- [EXERCISE PROMPT] Your answer must be the lines from the one containing "The Australia Fiasco: Ford’s" through the last line below, copied exactly, with no pictures.

- [MATERIAL PROVIDED]
• • • • • • •

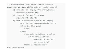 • Thus, it evaluates nodes by using just the heuristic function; that is,
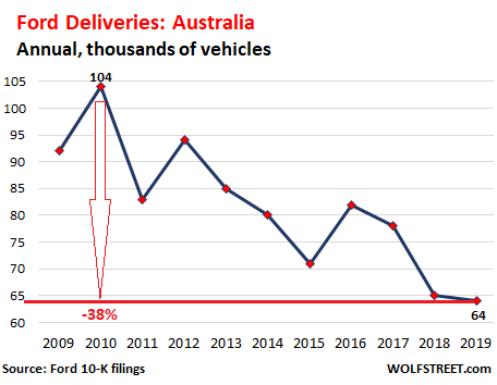 The Australia Fiasco: Ford’s sales in Australia collapsed by 38% since the peak in 2010. This came despite the boom in Australia’s auto market through 2017. Now it’s getting tough all around with total auto sales down 11% over the past two years, but Ford got crushed even during good times:
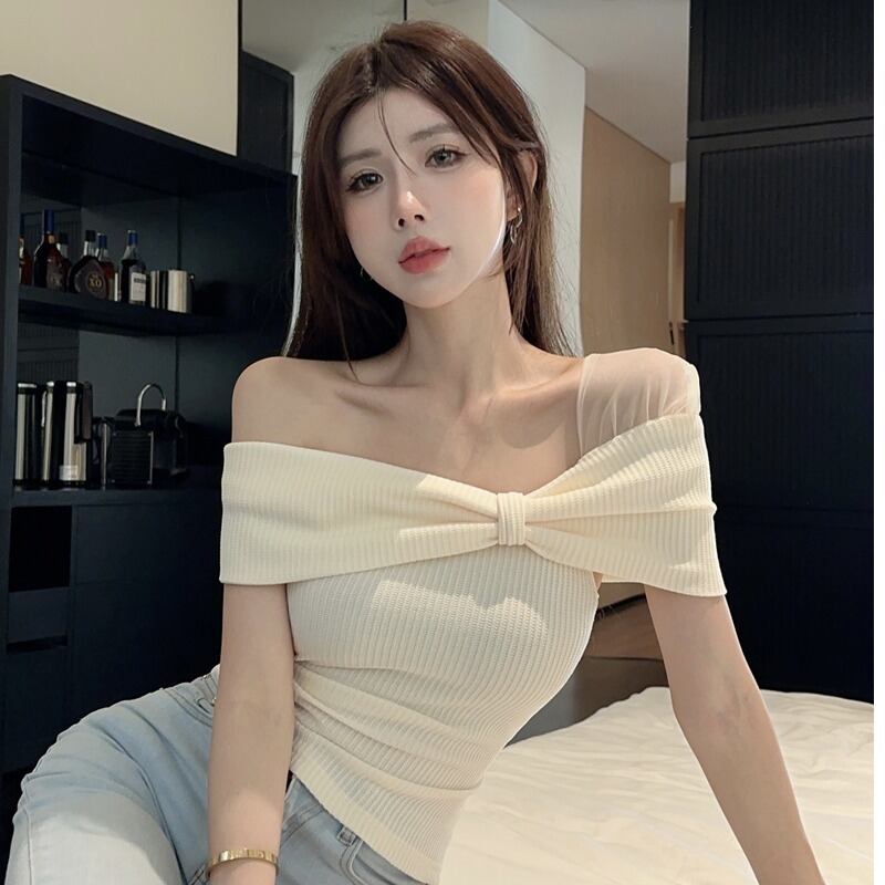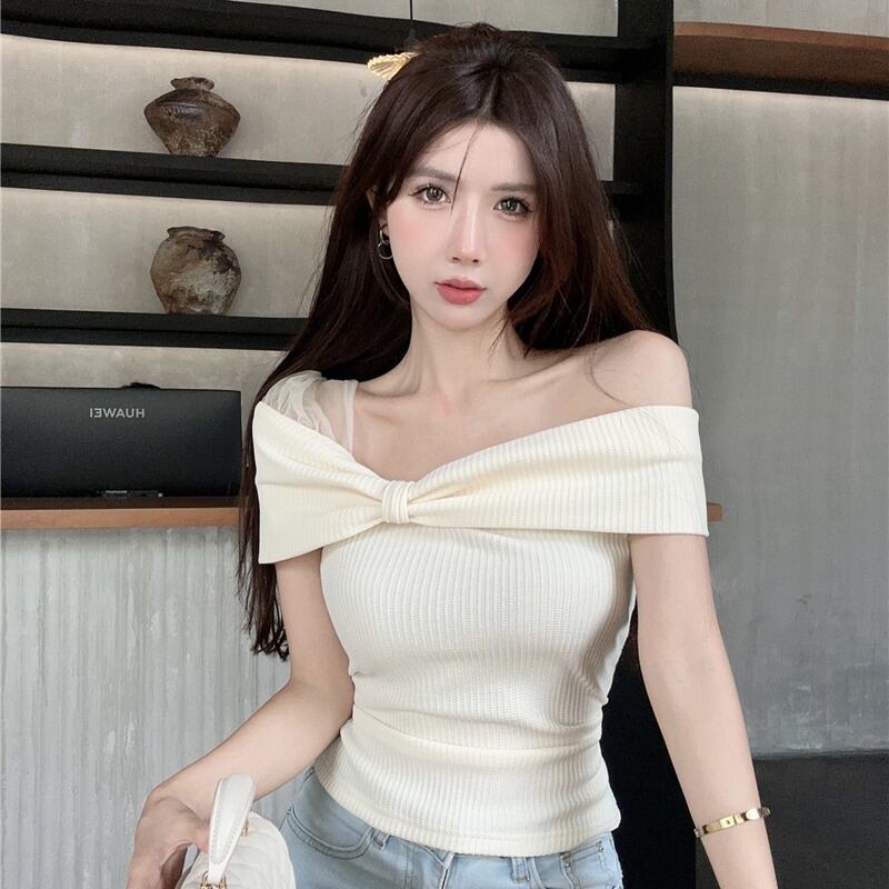 Nomikuma セクシーオフショルダーストラップレスちょう結びスリムフィット Tシャツ夏グラフィック Tシャツ リボン サマー 夏物

• • • • • • •

- [RESULT OF THIS TASK]
 The Australia Fiasco: Ford’s sales in Australia collapsed by 38% since the peak in 2010. This came despite the boom in Australia’s auto market through 2017. Now it’s getting tough all around with total auto sales down 11% over the past two years, but Ford got crushed even during good times:
 Nomikuma セクシーオフショルダーストラップレスちょう結びスリムフィット Tシャツ夏グラフィック Tシャツ リボン サマー 夏物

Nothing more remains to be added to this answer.